Burgos was the successor of Antón García Caro, in the position of notary of Buenos Aires. He served as notary public and of Cabildo until 1606, being replaced by Manuel Martin. In 1606, Burgos presented before the City Council, his title of Royal Notary of the Spanish Indies, signed on February 11, 1581 by the King Philip II of Spain.

He had an active participation as a government notary in the Río de la Plata. In 1584 he officiated the notarial deed in the interrogation conducted by Conquistador Don Juan de Torres de Vera y Aragón, against three English pirates, who had been persecuted by the Charruas Indians in the territory of Santa Fe Province. One of these pirates was John Drake, the nephew of Francis Drake.

Burgos belonged to the second contingent of settlers established in the city of Buenos Aires. He also living in the provinces of San Miguel de Tucumán, Santa Fe and Corrientes. In 1596, he was appointed by Juan Ramírez de Velasco, to exercise the position of Alcalde and Justicia Mayor of Corrientes.

Francisco Pérez de Burgos also served as Mayor of Buenos Aires, and Captain in the Fuerte de Buenos Aires. In 1614 he was elected regidor and appointed as fiel ejecutor of Buenos Aires, being replaced in that position on July 21 of that year by Francisco García Romero, a politician born in Extremadura. He continued to serve as deputy of the City Council of Buenos Aires until 1616, and died in the same city on July 21, 1617.

He also devoted himself to agriculture and took part in the hunting of cimarron cattle in the Province of Buenos Aires. In 1604 he received land grants in the Paraná River by Hernando Arias de Saavedra, governor of Buenos Aires. He was the owner of a farm located on the Riachuelo to the south of the city.
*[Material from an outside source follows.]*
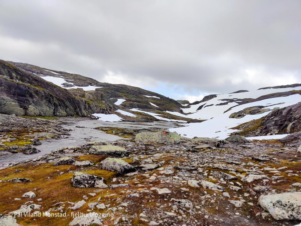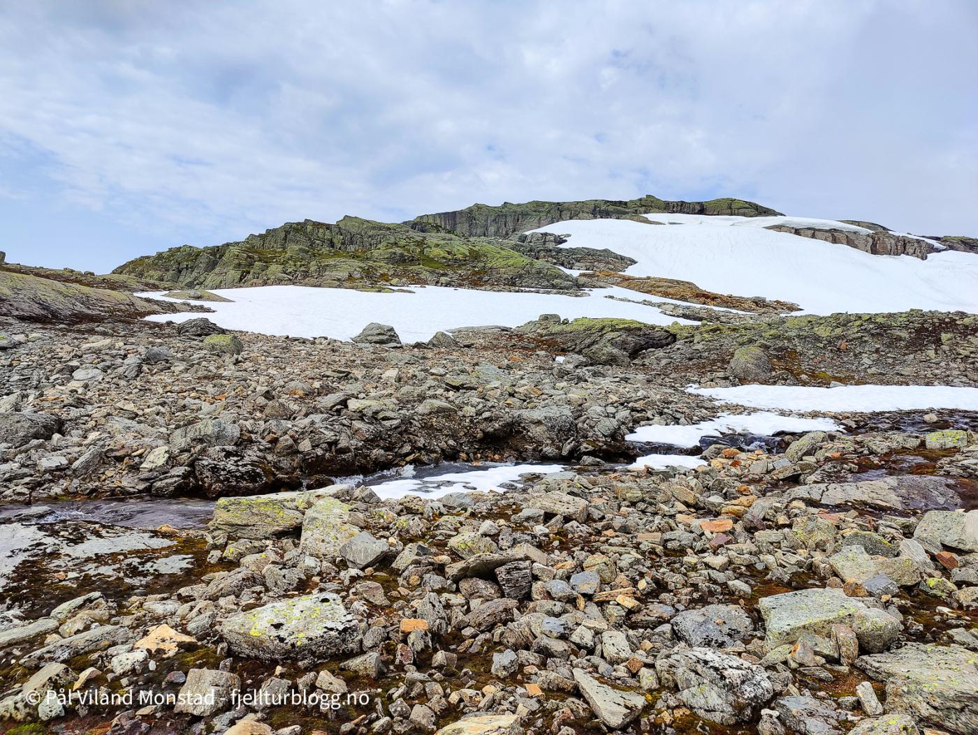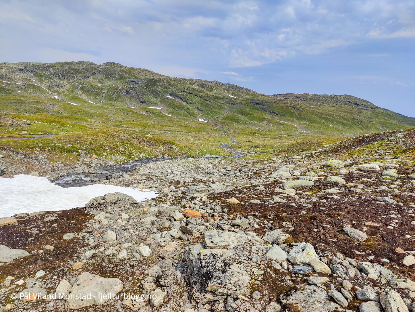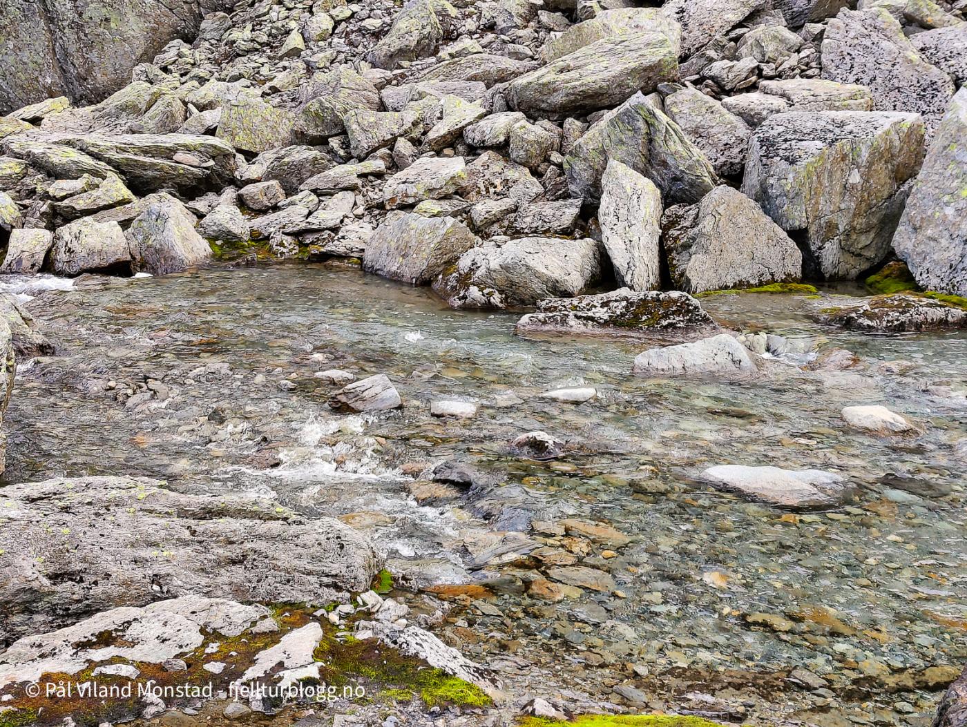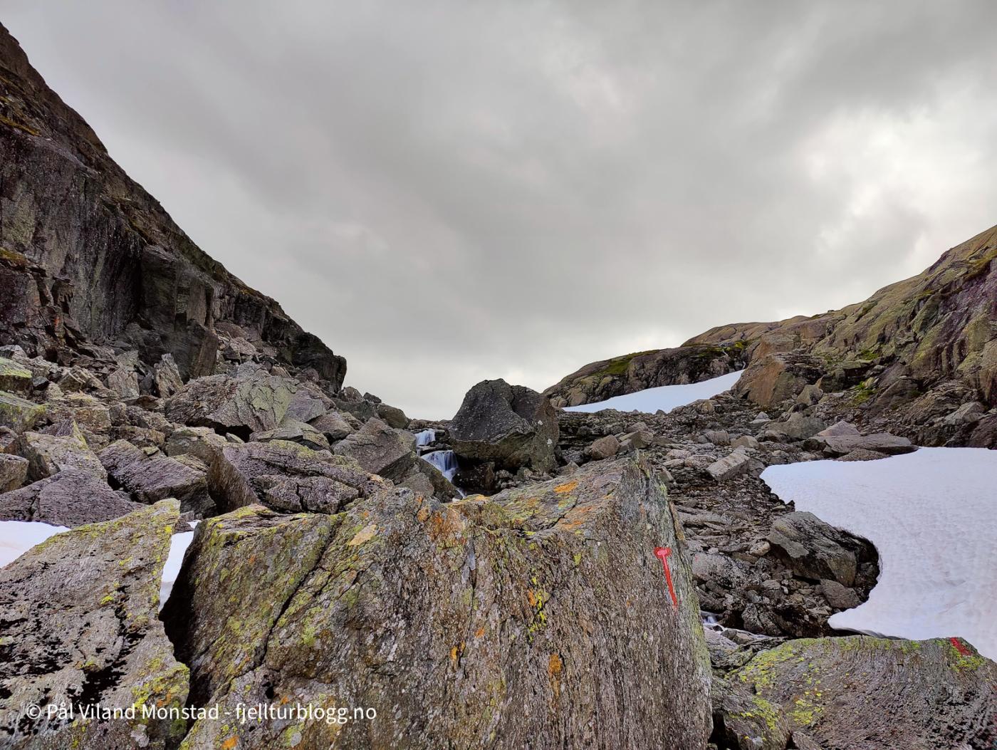 Oppe i det etter hvert bratte og smale skaret var det stor ur, og da mener jeg stor! Ganske krevende med tung sekk på ryggen. Midtveis i ura måtte i tillegg elva vades. Rødmerkingen viste at man burde krysse elva på nedsiden av en svær stein. Her gikk elva stri, så jeg fortsatte heller til oppsiden av steinen på leiting etter en bedre plass å krysse vannmassene. Der var det flatere, og lettere å se hvor man kunne sette beina i elva. Medbrakt regnbukse ble teipa stramt rundt fjellskoene. Jeg kommer alltid tørrskodd over elver med denne metoden, selv om vannet når knehøyde. Vel over elva var det et nytt parti med ur, før det flatet ut. Elva måtte krysses enda en gang lenger inne, men her var det flatt og mye lettere å komme over. Det gikk derfor greit uten regnbuksemetoden.
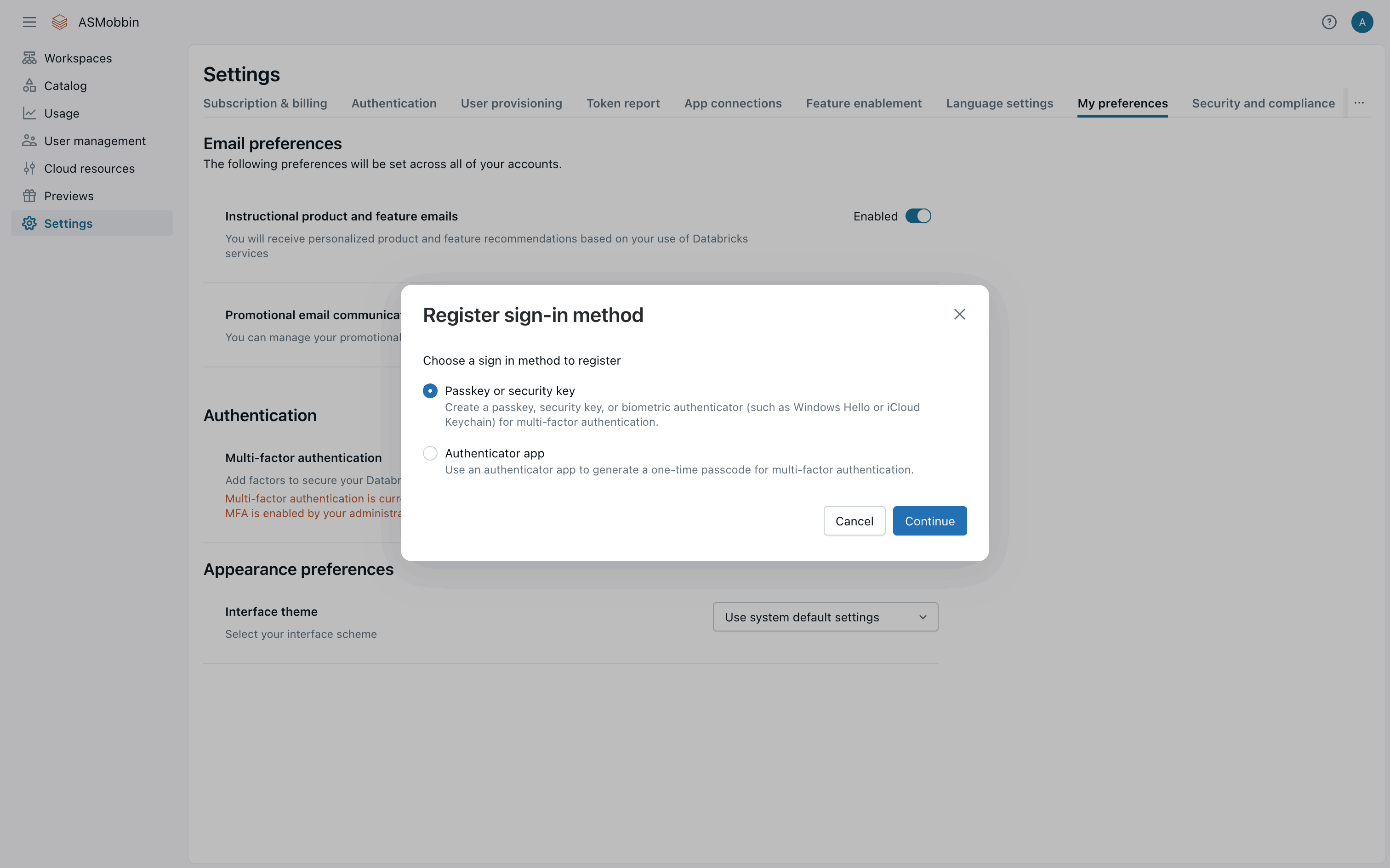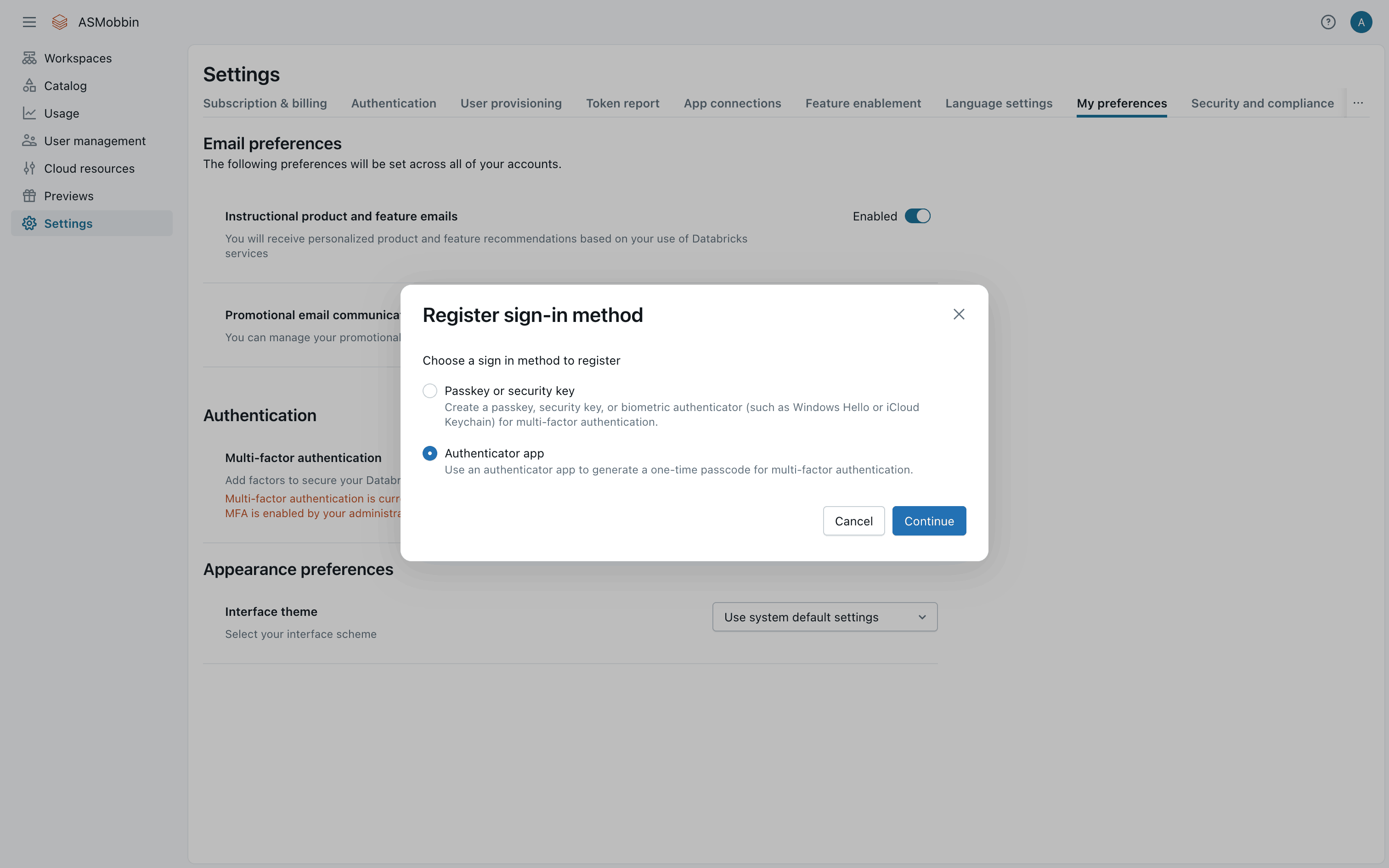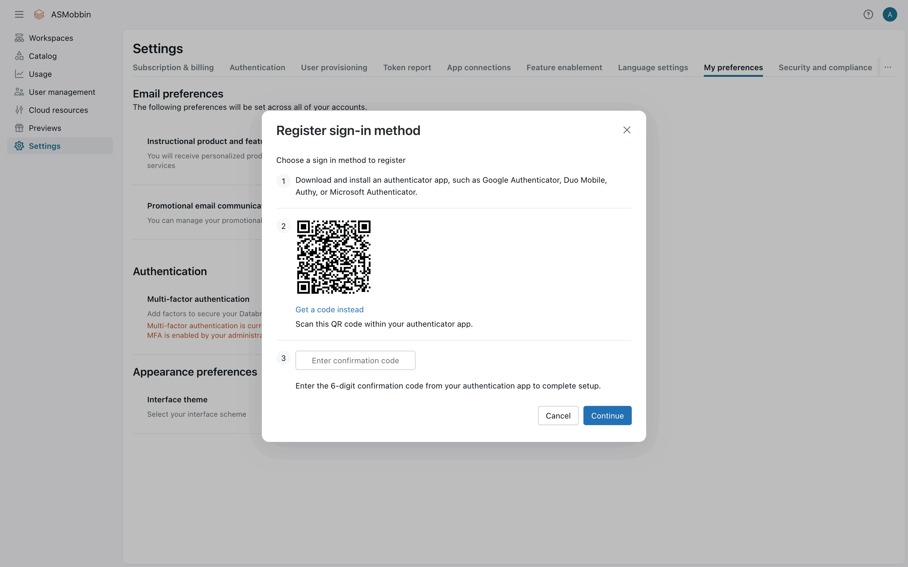 The user flow demonstrates setting up two-factor authentication using an authenticator app. It involves navigating to settings, selecting the authenticator app, and confirming the setup.

The passage of Burgos (pasaje de Burgos) today Puente Alsina, owes its name to Francisco Pérez de Burgos. During the British invasions of the Río de la Plata, the Burgos passage was crossed by the English troops to enter the city of Buenos Aires.

== Family ==

Francisco Pérez de Burgos were the parents of numerous sons and daughters, among them Leonor de Aguilar Pérez de Burgos, who was married to Francisco de Manzanares y Dardos, a Spanish official born in Toledo, and Catalina Burgos de Aguilar y Salvatierra, wife of Juan Rodriguez de Estela, among whose descendants are Feliciano Pueyrredón and Juan Martín de Pueyrredón.

The lineage of the Pérez de Burgos family possibly has its origin in Garci Perez de Burgos or Ferrán Pérez de Burgos, a Spanish nobleman from Burgos, who participated in the Conquista of Jerez de la Frontera, and who served as vassal of the Kings of Castile.